TO DO>
Starting at the first line of the data, print each line verbatim up to and including the line bearing "ESCADA Blue Floral Long Sleeve Top Size S", omitting pictures.
Top of DATA EXTRACTS
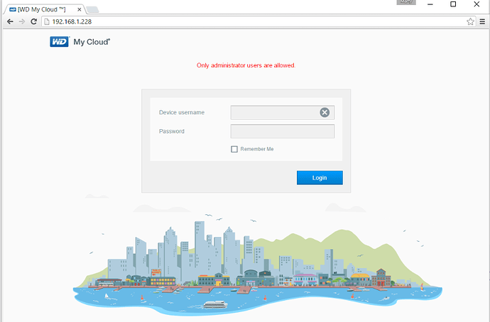 I have just set up my mycloud and things are mostly working, but I can’t log in through the interface directly on the device (using the local ip address). When I open a browser to that, I get a log in screen requesting Device username and Password, but whatever I type in it rejects and says “Only administrator users are allowed.” Aren’t I the administrator? I am able to log in using the web address (files.mycloud.com).
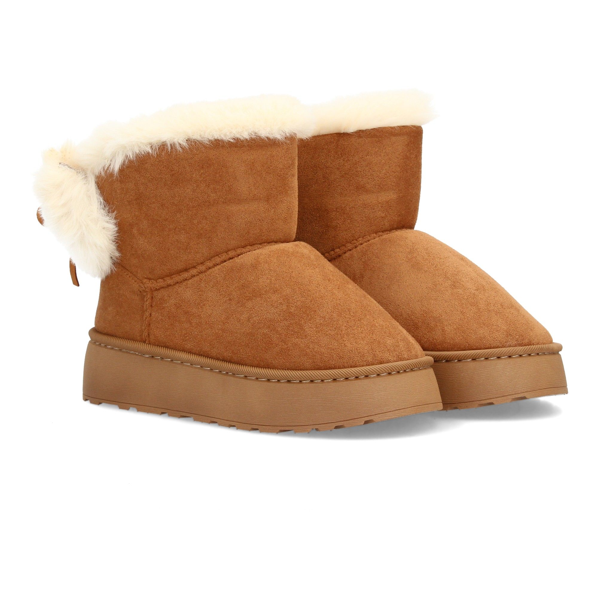 Bota para invierno con exterior de acabado afelpado y detalle de borreguito que aporta un look cálido y acogedor. Suela de plataforma antideslizante. Ideal para mujer.
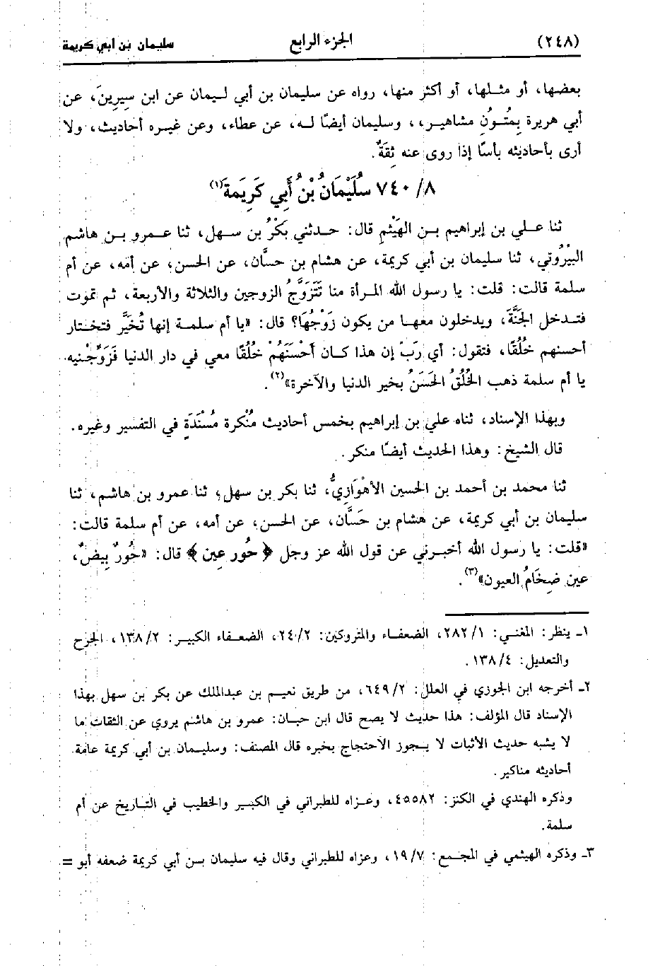 حَدَّثَنَا مُحَمد بْنُ أَحْمَدَ بن الحسين الأهوازي، حَدَّثَنا بكر بن سهل، حَدَّثَنا عَمْرو بن هاشم، حَدَّثَنا سُلَيْمَانُ بْنُ أَبِي كَرِيمَةَ عَنْ هِشَامِ بْنِ حَسَّانَ عَنِ الْحَسَنِ، عَن أُمِّهِ عَنْ أُمِّ سَلَمَةَ قَالَتْ قُلْتُ يَا رَسُولَ اللهِ أَخْبِرْنِي عَنْ قَوْلِ اللَّهِ عَزَّ وَجَلَّ حور عين قال حور بيض كعين ضخام العيون
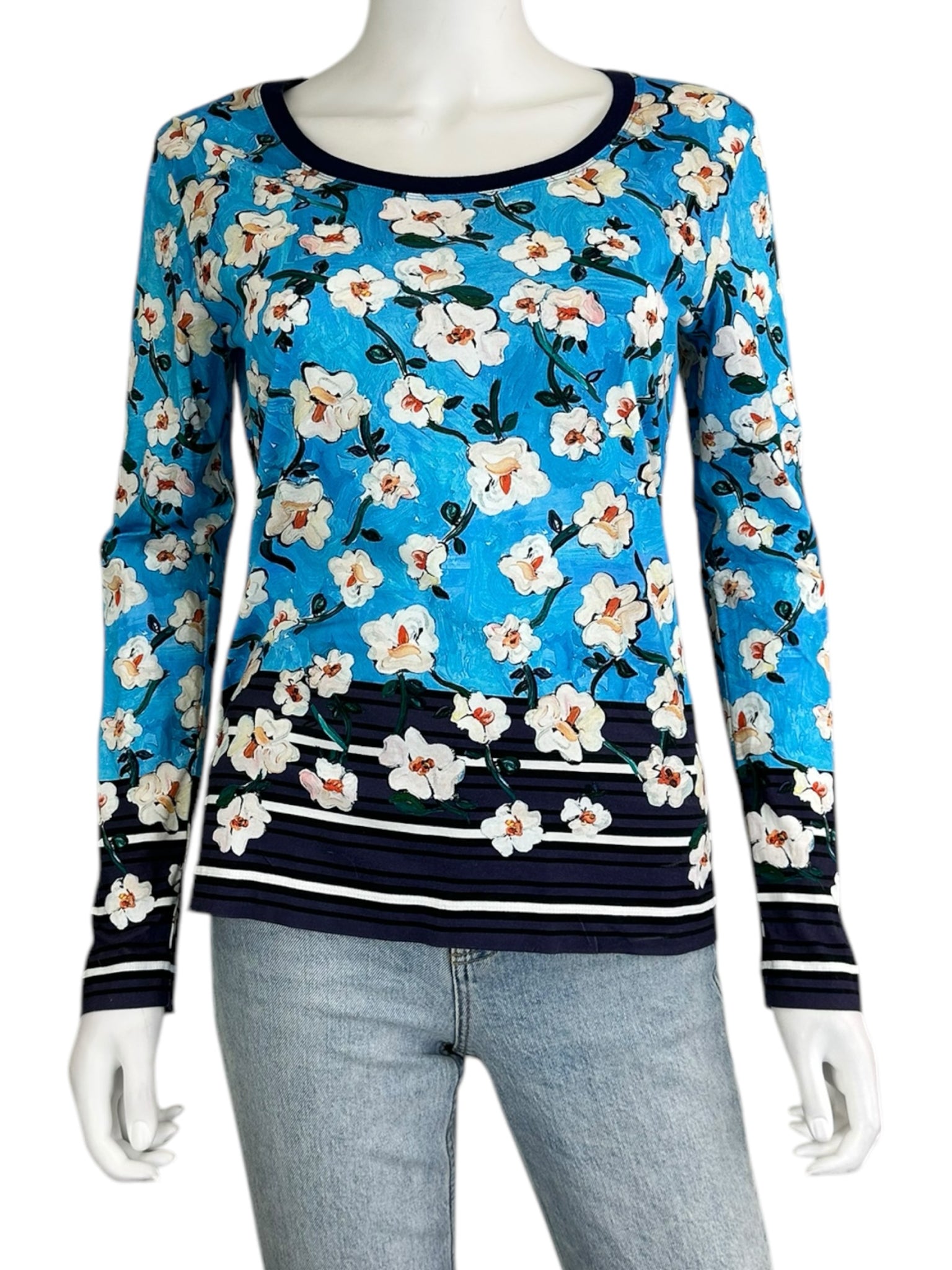 ESCADA Blue Floral Long Sleeve Top Size S
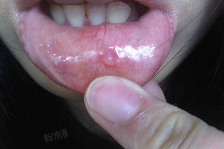 2、黏液腺囊肿:下嘴唇分布着许多黏液腺,当腺体导管堵塞,黏液潴留,就会形成囊肿,表现为黏膜下无痛性肿物。较小的囊肿可能会自行消退,可先观察。若囊肿反复出现或逐渐增大,通常需要手术切除囊肿及相关腺体,防止复发。
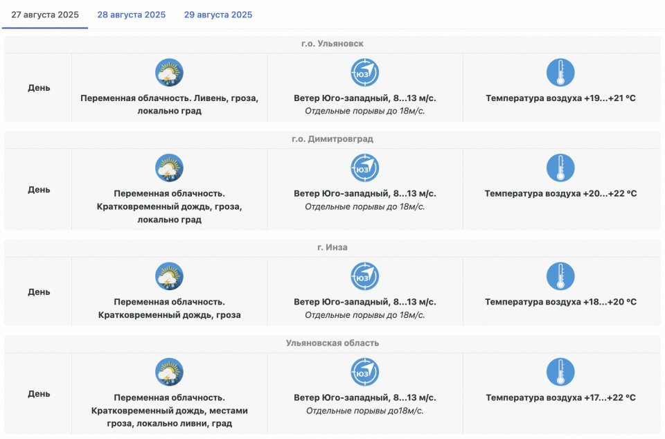 В среду, 27 августа, на Ульяновскую область обрушится очередной удар стихии. Об этом свидетельствует официальный прогноз погоды, опубликованный специалистами ФГБУ «Приволжское УГМС».
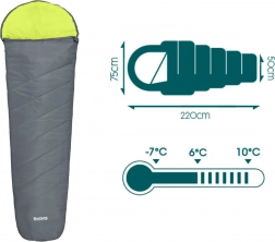 Duté vlákno Hollow Fiber 170 g/m² efektívne zadržiava teplo a zabezpečuje komfortnú teplotu v rozmedzí +6 až +10 °C s extrémnou hranicou až -7 °C. Vďaka hmotnosti iba 0,8 kg a kompaktným rozmerom po zbalení sa skvele hodí na trekking, stanovanie aj festivaly. V balení nechýba praktický transportný obal.
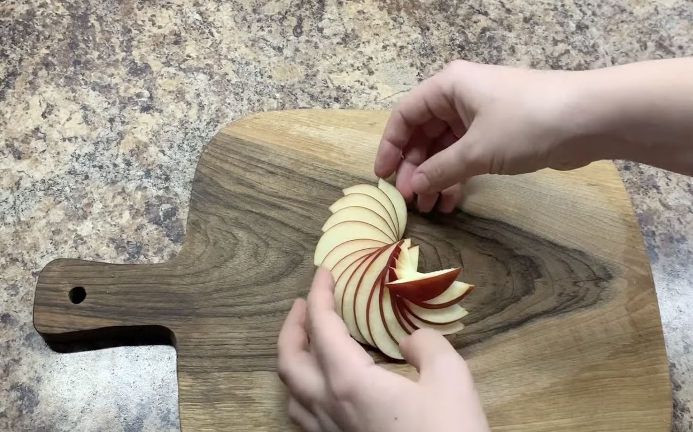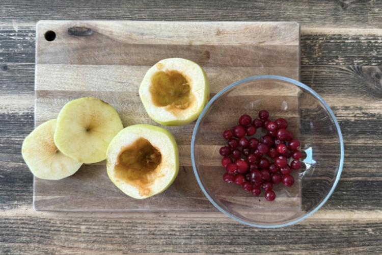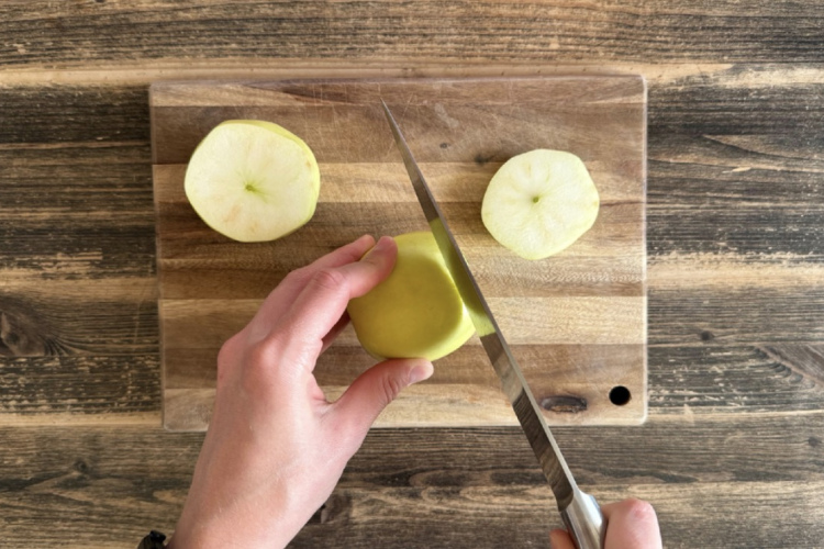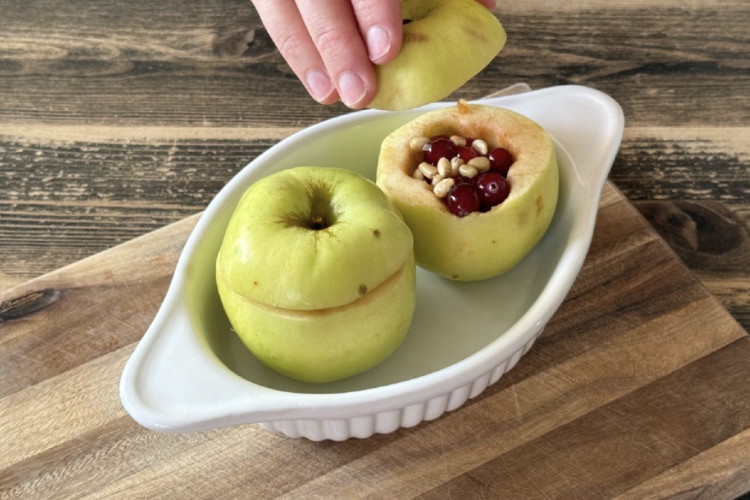 Paņem ābolus un nogriez virsējo “vāciņu”.
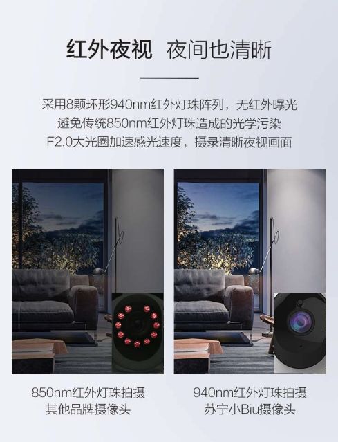 此外,苏宁小Biu智能摄像头支持红外夜视功能,采用环形940nm红外灯珠阵列,无红外曝光造成的光学污染,不仅保障了夜间的清晰呈现,也让夜间监测变得更加隐蔽,为家人带来24小的无干扰看护。
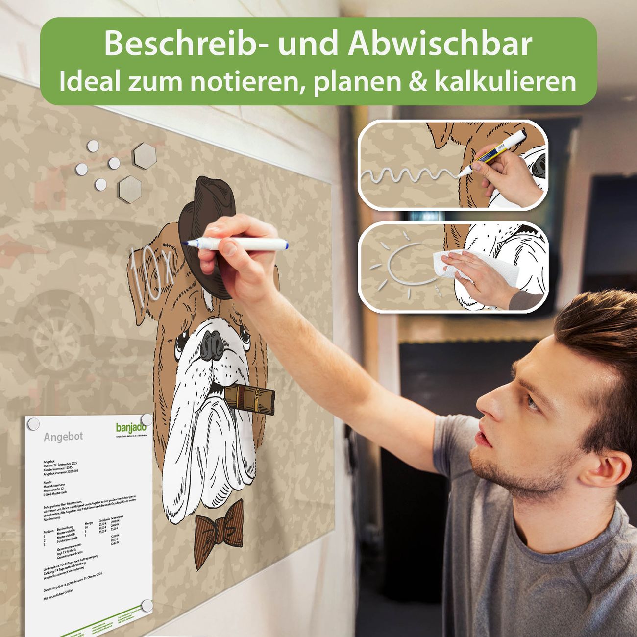 Jede Glas Magnettafel wird in unserer Werkstatt von Hand gefertigt und sorgfältig geprüft. So erhalten Sie ein echtes Qualitätsprodukt, das Funktion und Ästhetik perfekt vereint.?? Warum banjado?
Bottom of DATA EXTRACTS
REPLY>
 I have just set up my mycloud and things are mostly working, but I can’t log in through the interface directly on the device (using the local ip address). When I open a browser to that, I get a log in screen requesting Device username and Password, but whatever I type in it rejects and says “Only administrator users are allowed.” Aren’t I the administrator? I am able to log in using the web address (files.mycloud.com).
 Bota para invierno con exterior de acabado afelpado y detalle de borreguito que aporta un look cálido y acogedor. Suela de plataforma antideslizante. Ideal para mujer.
 حَدَّثَنَا مُحَمد بْنُ أَحْمَدَ بن الحسين الأهوازي، حَدَّثَنا بكر بن سهل، حَدَّثَنا عَمْرو بن هاشم، حَدَّثَنا سُلَيْمَانُ بْنُ أَبِي كَرِيمَةَ عَنْ هِشَامِ بْنِ حَسَّانَ عَنِ الْحَسَنِ، عَن أُمِّهِ عَنْ أُمِّ سَلَمَةَ قَالَتْ قُلْتُ يَا رَسُولَ اللهِ أَخْبِرْنِي عَنْ قَوْلِ اللَّهِ عَزَّ وَجَلَّ حور عين قال حور بيض كعين ضخام العيون
 ESCADA Blue Floral Long Sleeve Top Size S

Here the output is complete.